After initial sketches the rest came together pretty quickly. I went to some watercolor paper with pencil, then pen, and after erasing the initial pencil marks, colored in with colored pencil. I used my "Inktense" brand pencils, which are very bright and rich, and I got amazing results. As I worked on each page I just pinned them up on my studio wall. It was glorious.

The finished work, which I had titled, "The Boy and His Magic Blanket", was comprised of eight full-page illustrations (prints) in plastic sleeves in a 3-ring binder, with the text just hand-written. Each illustrated page was on the right, and the text was on the left, with the exception of one full-spread in the middle. It was rough, but I was really happy with the way the story turned out and the illustrations. Although my life was very busy, I somehow managed to complete the story book in one week, and altogether I was really proud and happy to give both the blanket and my very first storybook to the birthday boy on his first birthday at the beginning of 2011.

Over the next few years, I made some copies of my original story book and shared it with other little kids as well- neighbors and friends. My little students loved looking at the pictures, as did their parents, and I had a lot of encouragement to have the story published. 

Although I thought it was a great idea, at the time, I didn't have the time or the resources to do so. I did a little research into book publishing and what was involved over the next couple of years, but it all seemed to require me to spend quite a bit of time preparing the book, making copies, mailing it out to publishers, and waiting for replies. Or, the self-publishing route would have taken money I didn't have at the time. So, the story sat, and I shared it when I could at a few small public readings and with friends. 

My dad had written a storybook for me when I was a child, and this book was in fact in many ways inspired by that. -

"Growing Up in the 30's" by Charles Geotis (unpublished)

I really liked the way he did his letters, and I made up a version of the story book that had colored pencil letters surrounded in ink. They looked like yarn to me when I did them, and so I embellished the text pages with drawings of strings of yarn. The first page had the needles and ball of yarn. In the end, that ball of yarn and needles would become little icons on the dedication page and blank page at the end of the book.

Getting published

In Sept. 2013, a friend and I were at a pet fair in downtown Orlando, where lots of people had booths of all kinds showing their goods and sharing their interests. I met D.G. Stern, who was an author and publisher, and had written a series of children's books based on his own dog, "Upton Charles". I had a nice chat with him and Upton, telling him about the story book I had written and illustrated, and we exchanged cards.

A few weeks later, he had contacted me asking that I send him the book to see, as he was very interested in it, as well as another that I had conceived of. At first, I didn't follow through, but after a few months, I watermarked the digital art and sent him the illustrations and text. That December we met, and he gave me the stipulations and changes that would need to happen to turn it into a published book.

First off the bat, Mr. Stern told me that the book had to be at least 47 pages (front and back) long, in order for it to be a thick enough spine to be shelved at Barnes & Noble, where he is affiliated. We went through the story as it was written, and he gave me some wonderful suggestions as to how I could actually make the book longer, using what I already had. For one thing, there were many pages of text that were pretty long, and it would be easy for me to break them up into two separate pages, and also, add more illustrations.

Also, he encouraged me to create more "spreads", and we brainstormed about how this could occur. Here's an example of one change that was made- the text would eventually end up digitally on top of the art.

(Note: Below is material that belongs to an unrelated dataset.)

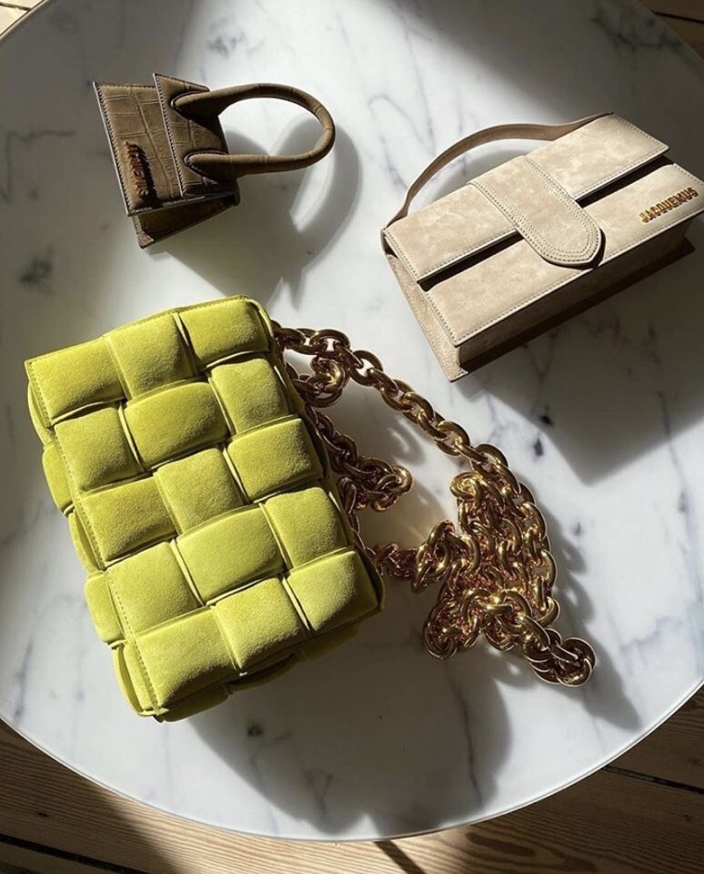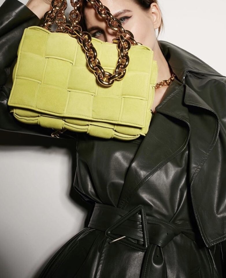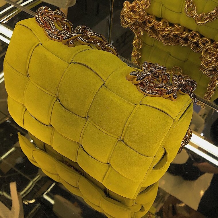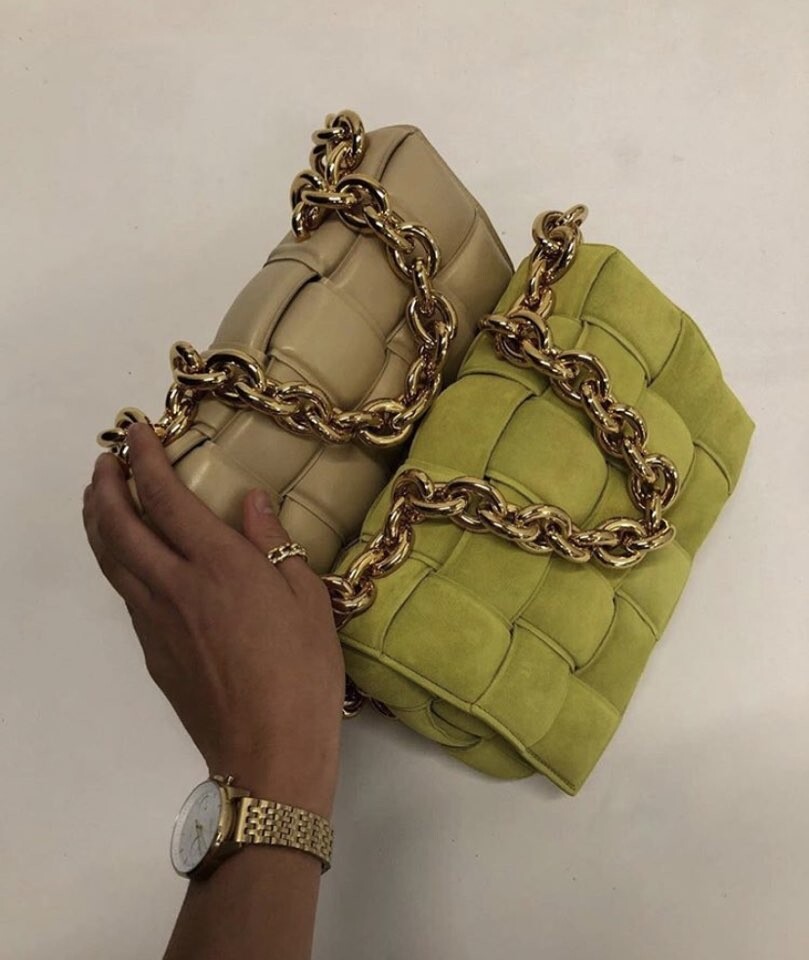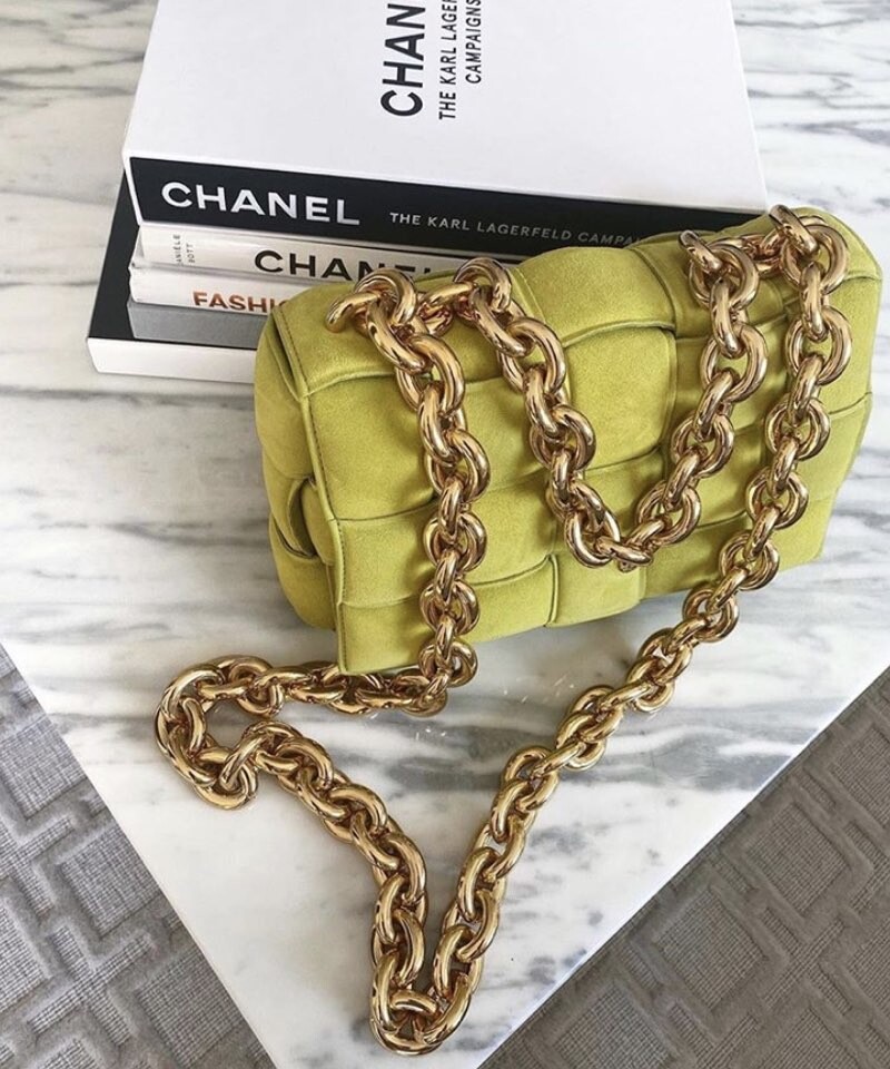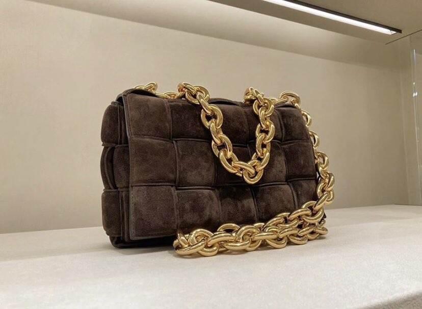 보테가 BV 인트레치아토 스웨이드 체인카세트 크로스 숄더백

By the time our conversation had ended, I had such a great vision of what could be, and I was really beyond excited to make it happen. Although there were a few intermediate thumbnail sketches to help me visualize a lengthened story, the revised story almost made itself. I went straight to my kitchen table which had been extended to accommodate my family for Christmas,  took everything off of it, and spread out all of my original drawings. Among those originals, I added in blank pieces of paper where I thought  extra illustrations and story could go, to make up the 47 pages. 

It was an incredible moment of fierce creative energy in a very short time, and before long I had what is pretty much the final story, with rough illustration sketches and an extended poem. I laid the pages out end-to-end and taped them so that they would make an accordion-style "book" and worked from there with Mr. Stern.

We went back and forth quite a bit at that time to establish the story line and agree on the text. Also during this time I had to create a design for the cover of the book. I decided to change the name from "The Boy and his Magic Blanket", because I didn't want a potential reader to misinterpret the book by the title. The blanket isn't really "Magic" in the sense of a lot of fantasy books, and I thought about alternative names. I came up with "A Blanket Quite Rare", based on the initial stanza of the book.

I wanted to create a cover that would literally "wrap" around the book, and have the blanket continue around. At first it was going to be the blanket only, but I decided to include the boy on the cover. I liked the idea of him coloring, imagining the world, and without spoiling the narrative of the book, I feel like this cover is a nice sort of "ending" to the story, if you will, with the boy back in his room, under his blanket in the evening, remembering his day.

Of course I wanted to include some toys he might have surrounding him. I had to include the trains, because my boys were crazy about those toys (as was I!) when they were little. And for the rest, I actually went to the toy store and looked around the boy section. My husband was there, and he had even more fun than I did, telling me exactly the right toys that the boy would be interested in. I had fun taking lots of reference pictures. :)

I was really happy with the final cover art. I had the art scanned and took some time creating the cover (right side) in photoshop with the title so that the publisher could promote the book in some "coming soon" ads. 

From there, once the concept was approved, I set about to create the illustrations in the book. I only had eight original illustrations to work with, and from those, I had to come up with about 30 more to create the entire book. Some of the illustrations were tricky, because I had to be consistent in the new drawings with everything from the old drawings, with everything from where pictures were on the wall inside the boy's room, to the actual technique used in coloring creating the art. It was an arduous process, but I enjoyed every single minute of it. 

I was lucky because at the time, my son was in high school at an arts school 45 minutes from home, and I just stayed near his school and worked on the art while I was down there. I found what worked the best was to add plastic sleeves to my art portfolio, and put the original art in the order where it would be in the book, and create a "book" of originals to carry with me. Where there were new pages, I stuck in a blank piece of watercolor paper. I worked on the blanks to various degrees where I could, getting them each through stages of pencil, ink, watercolor pencil, and finally washing in the watercolor with a wet brush. 

My studio was the library, McDonald's, Denny's, Panera, and anywhere that didn't mind me sitting for 4 hours at a time or so, for the cost of a muffin and a coffee. 

(you get the picture. ;)  )

Of course, I also loved working "en plein air", when I could swing it.

During the Orlando Fringe Festival in May of last year, 2014, I was close to being finished with all of the illustrations. It was really fun sitting at the Visual Fringe volunteer table working on the book, sharing the art and upcoming story with everyone.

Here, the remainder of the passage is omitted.